**DIRECTIONS FOR THIS TASK:** Copy all records verbatim.

(Dataset records)

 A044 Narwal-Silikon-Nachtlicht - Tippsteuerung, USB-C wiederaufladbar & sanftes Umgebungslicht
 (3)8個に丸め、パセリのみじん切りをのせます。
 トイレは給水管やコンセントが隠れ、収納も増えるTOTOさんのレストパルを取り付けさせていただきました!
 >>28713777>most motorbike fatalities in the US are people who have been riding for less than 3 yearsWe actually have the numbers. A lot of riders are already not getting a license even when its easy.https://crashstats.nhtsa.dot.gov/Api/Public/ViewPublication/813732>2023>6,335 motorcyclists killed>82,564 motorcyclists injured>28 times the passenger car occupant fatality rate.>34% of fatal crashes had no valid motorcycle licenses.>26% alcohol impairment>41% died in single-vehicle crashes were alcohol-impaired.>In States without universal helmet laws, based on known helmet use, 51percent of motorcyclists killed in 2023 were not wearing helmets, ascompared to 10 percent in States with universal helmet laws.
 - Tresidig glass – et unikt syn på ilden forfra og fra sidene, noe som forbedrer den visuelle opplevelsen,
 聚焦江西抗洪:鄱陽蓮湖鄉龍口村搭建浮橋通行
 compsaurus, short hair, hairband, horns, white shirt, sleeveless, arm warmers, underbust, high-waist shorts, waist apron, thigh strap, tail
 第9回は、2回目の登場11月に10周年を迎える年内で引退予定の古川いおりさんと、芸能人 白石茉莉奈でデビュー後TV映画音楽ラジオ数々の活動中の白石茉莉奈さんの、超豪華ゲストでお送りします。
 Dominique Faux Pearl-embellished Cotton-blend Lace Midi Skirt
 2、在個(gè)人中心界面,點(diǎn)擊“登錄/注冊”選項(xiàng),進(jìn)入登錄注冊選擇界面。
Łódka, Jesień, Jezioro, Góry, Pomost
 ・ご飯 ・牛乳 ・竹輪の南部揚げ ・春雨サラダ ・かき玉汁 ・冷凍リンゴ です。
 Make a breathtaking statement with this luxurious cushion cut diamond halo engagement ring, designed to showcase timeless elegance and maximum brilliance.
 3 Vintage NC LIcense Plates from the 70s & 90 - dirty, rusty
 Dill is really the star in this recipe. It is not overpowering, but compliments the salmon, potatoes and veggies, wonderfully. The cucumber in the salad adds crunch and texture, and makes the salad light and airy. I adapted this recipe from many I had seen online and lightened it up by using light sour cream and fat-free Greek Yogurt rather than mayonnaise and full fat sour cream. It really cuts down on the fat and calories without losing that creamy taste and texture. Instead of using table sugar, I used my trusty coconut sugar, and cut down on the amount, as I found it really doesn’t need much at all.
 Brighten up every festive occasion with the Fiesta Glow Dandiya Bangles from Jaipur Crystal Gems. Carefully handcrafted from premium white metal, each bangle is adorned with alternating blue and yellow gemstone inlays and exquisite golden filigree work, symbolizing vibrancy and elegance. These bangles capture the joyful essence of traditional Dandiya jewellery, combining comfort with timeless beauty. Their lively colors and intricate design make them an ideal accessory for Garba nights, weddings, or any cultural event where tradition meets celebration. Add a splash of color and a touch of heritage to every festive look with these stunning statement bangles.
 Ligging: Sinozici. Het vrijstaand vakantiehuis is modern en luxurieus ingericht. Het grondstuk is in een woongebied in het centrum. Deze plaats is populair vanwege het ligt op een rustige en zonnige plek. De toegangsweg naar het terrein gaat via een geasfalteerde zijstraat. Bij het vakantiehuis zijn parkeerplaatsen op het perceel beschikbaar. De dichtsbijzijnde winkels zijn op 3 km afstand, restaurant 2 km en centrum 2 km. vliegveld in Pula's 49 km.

**ANSWER TO THIS PROBLEM:**
 A044 Narwal-Silikon-Nachtlicht - Tippsteuerung, USB-C wiederaufladbar & sanftes Umgebungslicht
 (3)8個に丸め、パセリのみじん切りをのせます。
 トイレは給水管やコンセントが隠れ、収納も増えるTOTOさんのレストパルを取り付けさせていただきました!
 >>28713777>most motorbike fatalities in the US are people who have been riding for less than 3 yearsWe actually have the numbers. A lot of riders are already not getting a license even when its easy.https://crashstats.nhtsa.dot.gov/Api/Public/ViewPublication/813732>2023>6,335 motorcyclists killed>82,564 motorcyclists injured>28 times the passenger car occupant fatality rate.>34% of fatal crashes had no valid motorcycle licenses.>26% alcohol impairment>41% died in single-vehicle crashes were alcohol-impaired.>In States without universal helmet laws, based on known helmet use, 51percent of motorcyclists killed in 2023 were not wearing helmets, ascompared to 10 percent in States with universal helmet laws.
 - Tresidig glass – et unikt syn på ilden forfra og fra sidene, noe som forbedrer den visuelle opplevelsen,
 聚焦江西抗洪:鄱陽蓮湖鄉龍口村搭建浮橋通行
 compsaurus, short hair, hairband, horns, white shirt, sleeveless, arm warmers, underbust, high-waist shorts, waist apron, thigh strap, tail
 第9回は、2回目の登場11月に10周年を迎える年内で引退予定の古川いおりさんと、芸能人 白石茉莉奈でデビュー後TV映画音楽ラジオ数々の活動中の白石茉莉奈さんの、超豪華ゲストでお送りします。
 Dominique Faux Pearl-embellished Cotton-blend Lace Midi Skirt
 2、在個(gè)人中心界面,點(diǎn)擊“登錄/注冊”選項(xiàng),進(jìn)入登錄注冊選擇界面。
Łódka, Jesień, Jezioro, Góry, Pomost
 ・ご飯 ・牛乳 ・竹輪の南部揚げ ・春雨サラダ ・かき玉汁 ・冷凍リンゴ です。
 Make a breathtaking statement with this luxurious cushion cut diamond halo engagement ring, designed to showcase timeless elegance and maximum brilliance.
 3 Vintage NC LIcense Plates from the 70s & 90 - dirty, rusty
 Dill is really the star in this recipe. It is not overpowering, but compliments the salmon, potatoes and veggies, wonderfully. The cucumber in the salad adds crunch and texture, and makes the salad light and airy. I adapted this recipe from many I had seen online and lightened it up by using light sour cream and fat-free Greek Yogurt rather than mayonnaise and full fat sour cream. It really cuts down on the fat and calories without losing that creamy taste and texture. Instead of using table sugar, I used my trusty coconut sugar, and cut down on the amount, as I found it really doesn’t need much at all.
 Brighten up every festive occasion with the Fiesta Glow Dandiya Bangles from Jaipur Crystal Gems. Carefully handcrafted from premium white metal, each bangle is adorned with alternating blue and yellow gemstone inlays and exquisite golden filigree work, symbolizing vibrancy and elegance. These bangles capture the joyful essence of traditional Dandiya jewellery, combining comfort with timeless beauty. Their lively colors and intricate design make them an ideal accessory for Garba nights, weddings, or any cultural event where tradition meets celebration. Add a splash of color and a touch of heritage to every festive look with these stunning statement bangles.
 Ligging: Sinozici. Het vrijstaand vakantiehuis is modern en luxurieus ingericht. Het grondstuk is in een woongebied in het centrum. Deze plaats is populair vanwege het ligt op een rustige en zonnige plek. De toegangsweg naar het terrein gaat via een geasfalteerde zijstraat. Bij het vakantiehuis zijn parkeerplaatsen op het perceel beschikbaar. De dichtsbijzijnde winkels zijn op 3 km afstand, restaurant 2 km en centrum 2 km. vliegveld in Pula's 49 km.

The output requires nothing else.